Requirement. The exercise calls for exact output of the lines between the one that contains "На фото киянок" and the end of the data, with both ends kept and pictures left out.

Raw data.
----------

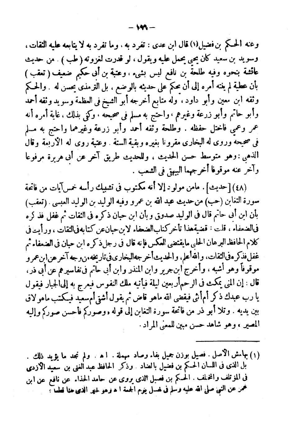 وَعنهُ الحكم بن فُضَيْل قَالَ ابْن عدي: تفرد بِهِ، وَمَا تفرد بِهِ لَا يُتَابِعه عَلَيْهِ الثِّقَات، وسُويد بن سعيد كَانَ يحيى يحمل عَلَيْهِ وَيَقُول، لَو قدرت لغزوته (طب) من حَدِيث عَائِشَة بِنَحْوِهِ وَفِيه طَلْحَة بن نَافِع لَيْسَ بشئ، وَعتبَة بن أبي حَكِيم ضَعِيف (تعقب) بِأَن عَطِيَّة لم ينْتَه أَمْرُهُ إِلَى أَنْ يُحْكَمَ عَلَى حَدِيثه بِالْوَضْعِ، بل التِّرْمِذِيّ يحسن لَهُ. وَالْحكم وَثَّقَهُ ابْن معِين وَأَبُو دَاوُد، وَله متابع أخرجه أَبُو الشَّيْخ فِي العظمة وسُويد وَثَّقَهُ أَحْمد وَأَبُو حَاتِم وَأَبُو زرْعَة وَغَيرهم، وَاحْتج بِهِ مُسلم فِي صَحِيحه، وَكفى بذلك، غَايَة أمره أَنه عمر وَعمي فاختل حفظه. وَطَلْحَة وَثَّقَهُ أَحْمد وَأَبُو زرْعَة وَغَيرهمَا وَاحْتج بِهِ مُسلم فِي صَحِيحه وروى لَهُ البُخَارِيّ مَقْرُونا بِغَيْرِهِ وَبَقِيَّة السِّتَّة. وَعتبَة روى لَهُ الْأَرْبَعَة وَقَالَ الذَّهَبِيّ: وَهُوَ متوسط حسن الحَدِيث، وَلِلْحَدِيثِ طَرِيق آخر عَن أبي هُرَيْرَة مَرْفُوعا وَآخر عَنهُ مَوْقُوفا أخرجهُمَا الْبَيْهَقِيّ فِي الشّعب.
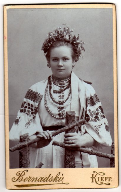 На фото киянок сторічної давнини цікаво роздивлятися не тільки деталі вбрання, а й предмети побуту, якщо вони потрапляли в кадр. У галереї нижче можна побачити фото дівчини в традиційному українському строї. Це було доброю традицією киян: дбайливо зберігати автентичне українське вбрання та робити фотопортрети в ньому час від часу. До речі, сучасні етнографи й мистецтвознавці радять поводитися зі старовинними вишиванками так само делікатно: берегти, щоб передати в спадок.
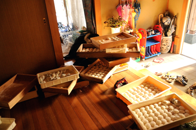 親戚15人ぐらいでお正月用のお餅をひたすらついて丸めマス。

----------

Solution to the exercise.
 На фото киянок сторічної давнини цікаво роздивлятися не тільки деталі вбрання, а й предмети побуту, якщо вони потрапляли в кадр. У галереї нижче можна побачити фото дівчини в традиційному українському строї. Це було доброю традицією киян: дбайливо зберігати автентичне українське вбрання та робити фотопортрети в ньому час від часу. До речі, сучасні етнографи й мистецтвознавці радять поводитися зі старовинними вишиванками так само делікатно: берегти, щоб передати в спадок.
 親戚15人ぐらいでお正月用のお餅をひたすらついて丸めマス。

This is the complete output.